The development of Sydney’s online presence and associated content has been crafted to ultimately support four main objectives:
- To serve as a conduit for increased interaction with alumni and other NYU sites;
- To showcase the hard work and success of academic and student life endeavors;
- To showcase all that Sydney has to offer, both inside and outside of the classroom; and
- To function as a research pathway to understand how online platforms affect students, both before and after their time in Sydney.
In line with traditional social media outlets, which of course are playing an increasing role in dialogue with all stakeholders, the Sydney team have begun experimenting with new, exciting pathways to connect:
“Sydney is working to empower current students in ways such as Instagram Takeovers and a ‘Day in the Life’ series in order to personalize the stories coming from real-life, real-time students.
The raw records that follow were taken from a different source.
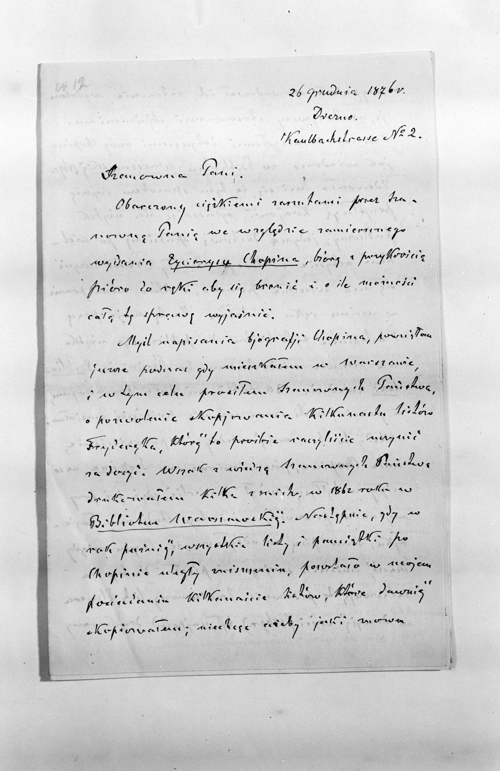 List Maurycego Karasowskiego do Izabelli Barcińskiej w Warszawie (NEGATYWY)
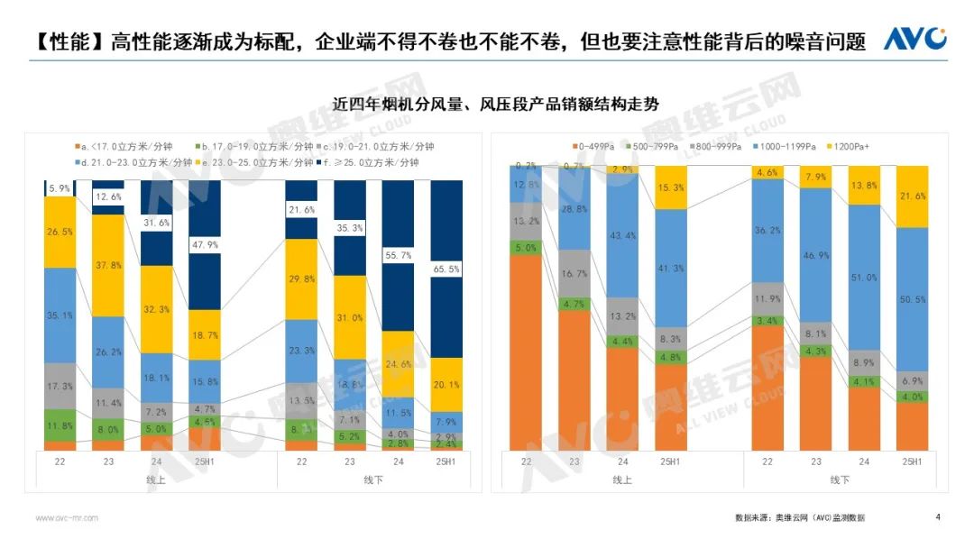 消费者痛点的完全解决现阶段,内卷参数成为市场竞争与产品升级的重要方向,以油烟机为例,奥维云网(AVC)监测数据显示:2025年上半年,线上线下油烟机25m3/min及以上产品零售额占比分别为47.9%与65.5%;线上线下油烟机1200Pa及以上产品零售额占比分别为15.3%与21.6%。性能的跃迁提高了吸排烟效果,但同时也带来了明显的噪音问题,消费者核心痛点并未得到彻底解决。未来,“高性能低噪”这类无短板的产品升级,才是真正契合消费者期待的解决方案。
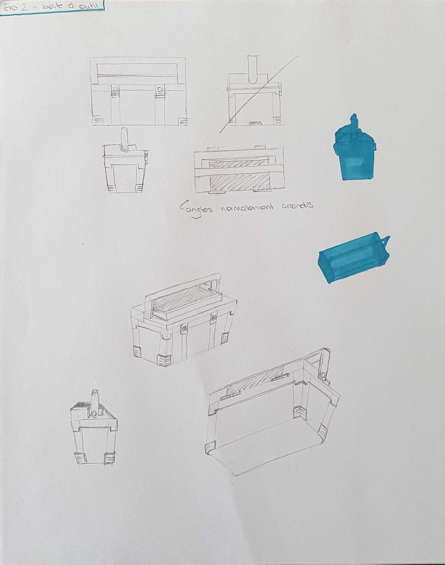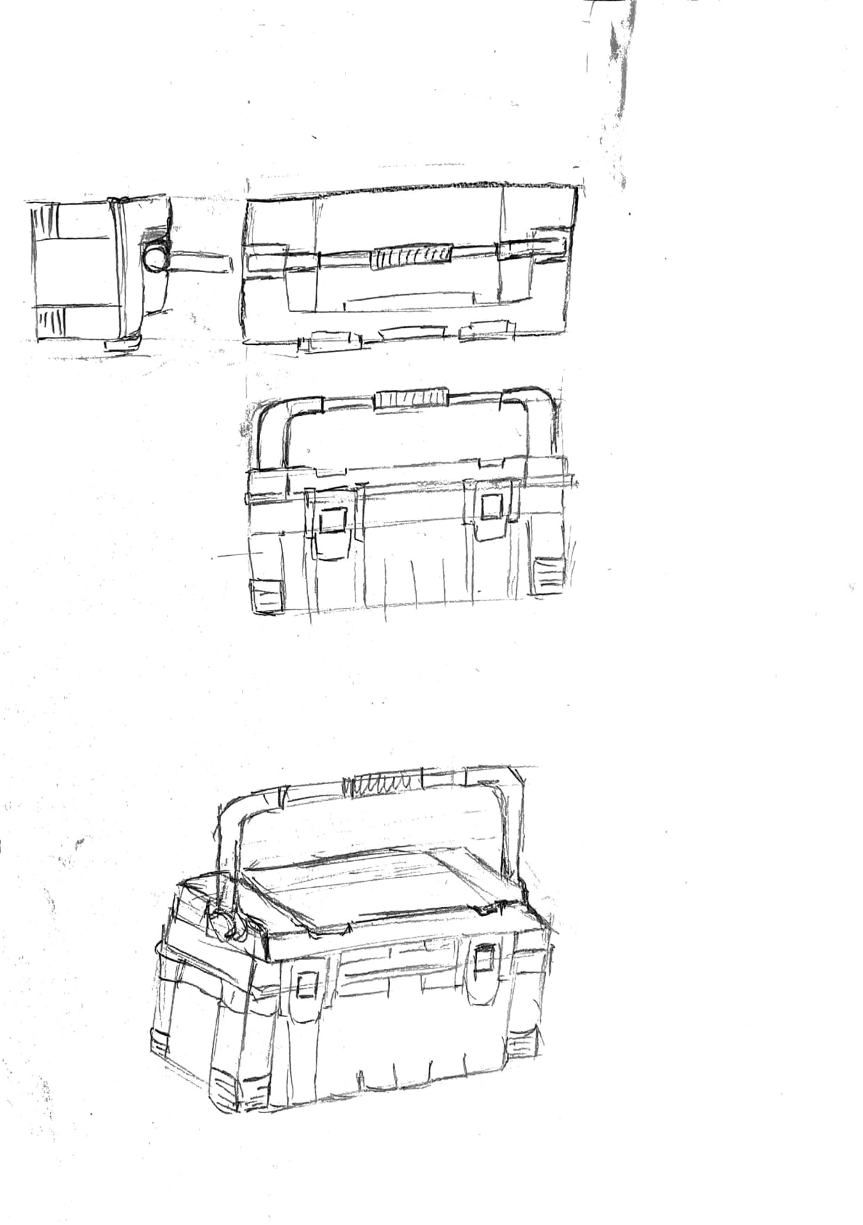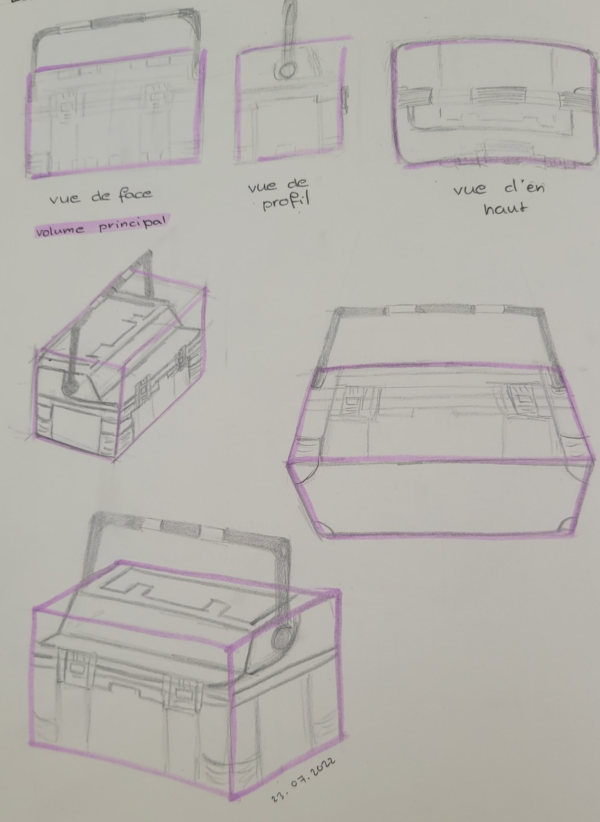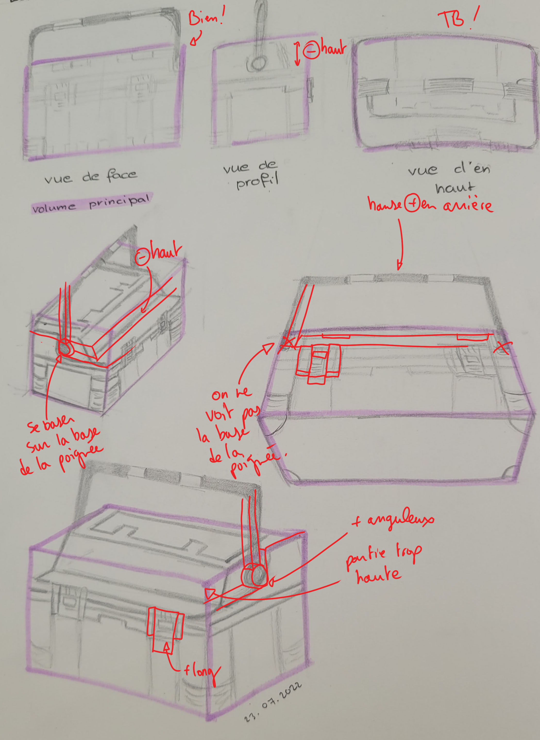 Tes autres vues t'ont aidé à comprendre l'objet c'est cool, mais attention aux proportions (ta vue de profil manque de détails ssur le dessus de la boîte notamment, et la poignée est trop petite en hauteur)
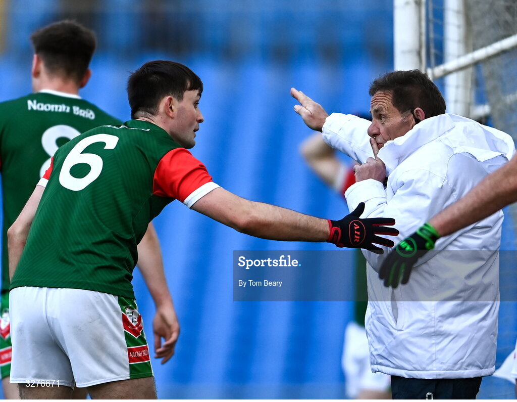 1 November 2025; An umpire gestures to Brian Stack of St Brigid's after making a decision for a a '45' during the Roscommon County Senior Club Football Championship Final Replay between St Brigid's and Pádraig Pearses at King & Moffatt Dr Hyde Park in Roscommon. Photo by Tom Beary/Sportsfile

We want to showcase these wonderful classroom technologies, our unique site-specific field trips and guest speakers, and all that Sydney has to offer,” explains Mark Eels, Operations and Communications Coordinator. “Our communications also cover academic programming, with the site hosting live streaming sessions for screenings as well as Q&A sessions. We want to broaden our reach to enable students around the world to access content.”
NYU Sydney is also preparing the release of an interactive platform offering 360-degree tours, interactive maps with pop-up video content, and much more, all as part of a push to increase access for anyone wanting to learn more about the site and city in which it’s located. There is also a newsletter, both physical and electronic, for and about NYU Sydney that will be launching soon.
“It’s a collective activity,” says Eels. “Students are playing a larger role in ensuring fun content is released that informs current and future students of cultural spots throughout Sydney. These might be favorite places to eat, theatres, events…anything!”
Adds Eels, “All of these projects tie together to showcase our site and city. We are really pushing to make all elements of our communications strategy both interwoven and interactive. None of this would be possible without our team and their enthusiasm to embrace new applications and technologies.”